What is required
Print only the lines below from the one with "Bahía del Velerín" to the one with "Con la primera", both included, exactly as they stand. Leave pictures out.

Information given
________________
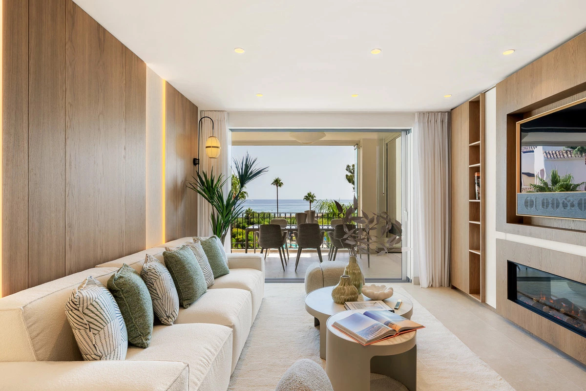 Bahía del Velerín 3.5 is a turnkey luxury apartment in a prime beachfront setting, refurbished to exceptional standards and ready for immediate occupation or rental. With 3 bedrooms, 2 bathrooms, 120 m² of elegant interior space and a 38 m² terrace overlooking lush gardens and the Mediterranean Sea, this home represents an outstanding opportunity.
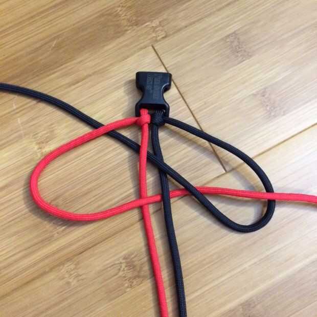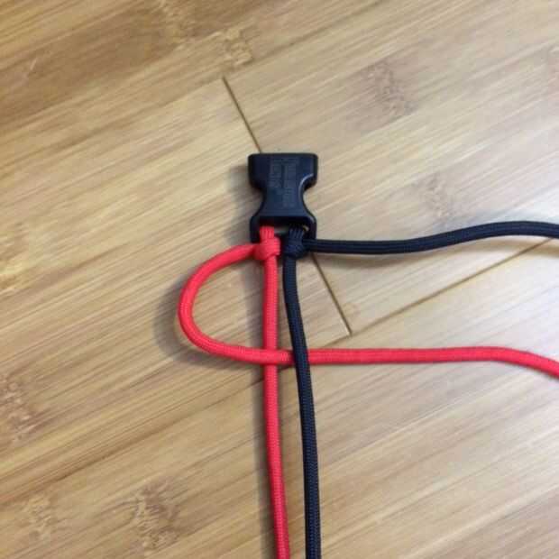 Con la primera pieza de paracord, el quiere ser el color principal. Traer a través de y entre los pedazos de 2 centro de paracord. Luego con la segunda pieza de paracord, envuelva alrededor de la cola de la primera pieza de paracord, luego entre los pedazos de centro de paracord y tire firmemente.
________________
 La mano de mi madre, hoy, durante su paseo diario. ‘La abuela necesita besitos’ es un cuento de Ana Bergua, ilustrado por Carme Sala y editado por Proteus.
________________
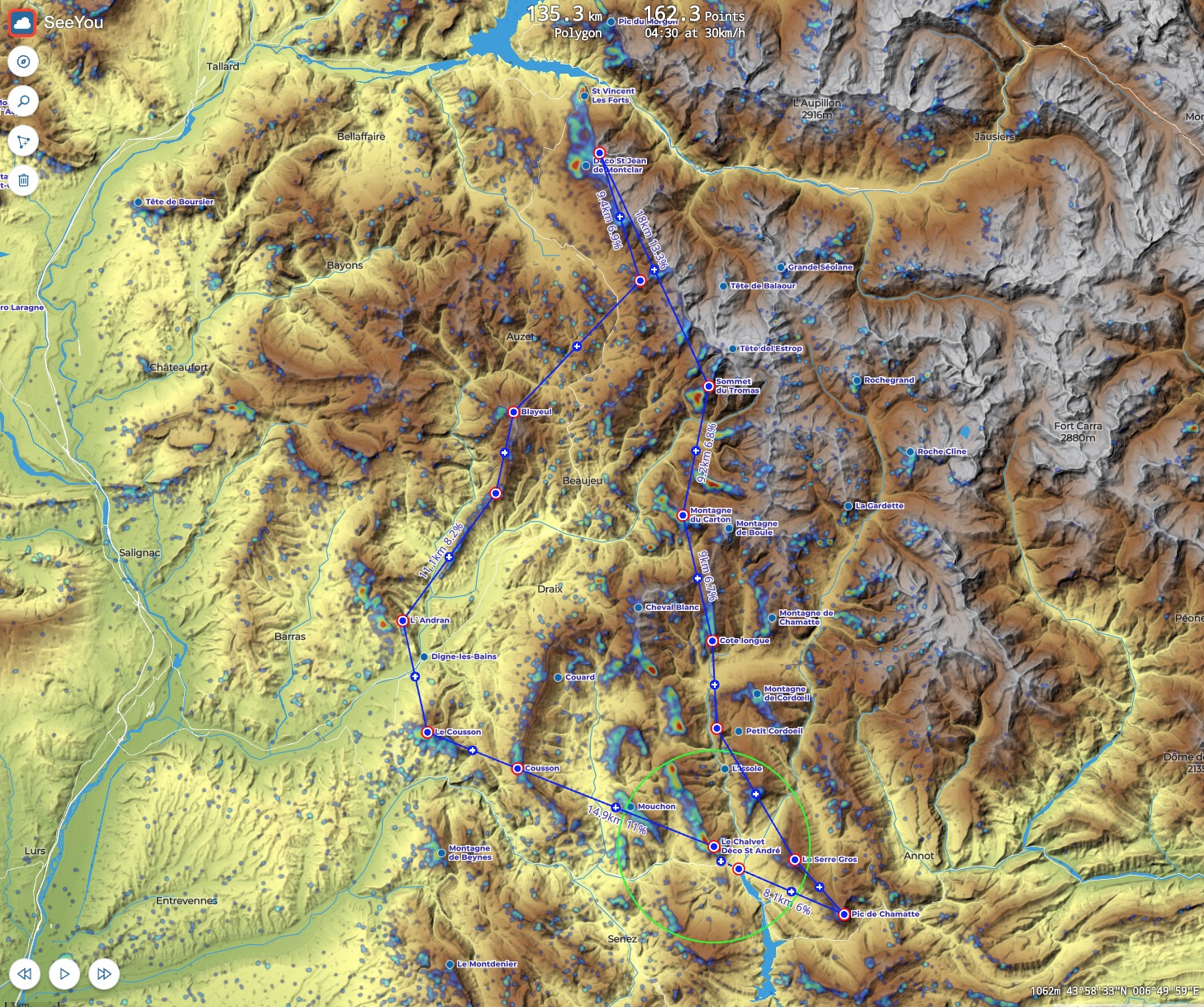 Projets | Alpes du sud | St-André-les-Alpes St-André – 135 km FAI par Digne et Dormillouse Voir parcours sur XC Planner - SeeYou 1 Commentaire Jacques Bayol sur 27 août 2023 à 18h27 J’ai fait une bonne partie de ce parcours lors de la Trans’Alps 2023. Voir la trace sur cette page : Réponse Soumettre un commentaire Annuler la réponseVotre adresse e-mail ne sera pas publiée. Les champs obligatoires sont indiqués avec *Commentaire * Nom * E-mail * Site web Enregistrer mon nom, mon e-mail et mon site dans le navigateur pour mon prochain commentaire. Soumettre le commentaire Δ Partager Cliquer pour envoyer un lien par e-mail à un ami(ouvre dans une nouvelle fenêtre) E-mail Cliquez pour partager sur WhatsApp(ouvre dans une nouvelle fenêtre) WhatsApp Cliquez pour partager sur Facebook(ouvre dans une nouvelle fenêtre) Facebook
________________
Written answer
 Bahía del Velerín 3.5 is a turnkey luxury apartment in a prime beachfront setting, refurbished to exceptional standards and ready for immediate occupation or rental. With 3 bedrooms, 2 bathrooms, 120 m² of elegant interior space and a 38 m² terrace overlooking lush gardens and the Mediterranean Sea, this home represents an outstanding opportunity.
 Con la primera pieza de paracord, el quiere ser el color principal. Traer a través de y entre los pedazos de 2 centro de paracord. Luego con la segunda pieza de paracord, envuelva alrededor de la cola de la primera pieza de paracord, luego entre los pedazos de centro de paracord y tire firmemente.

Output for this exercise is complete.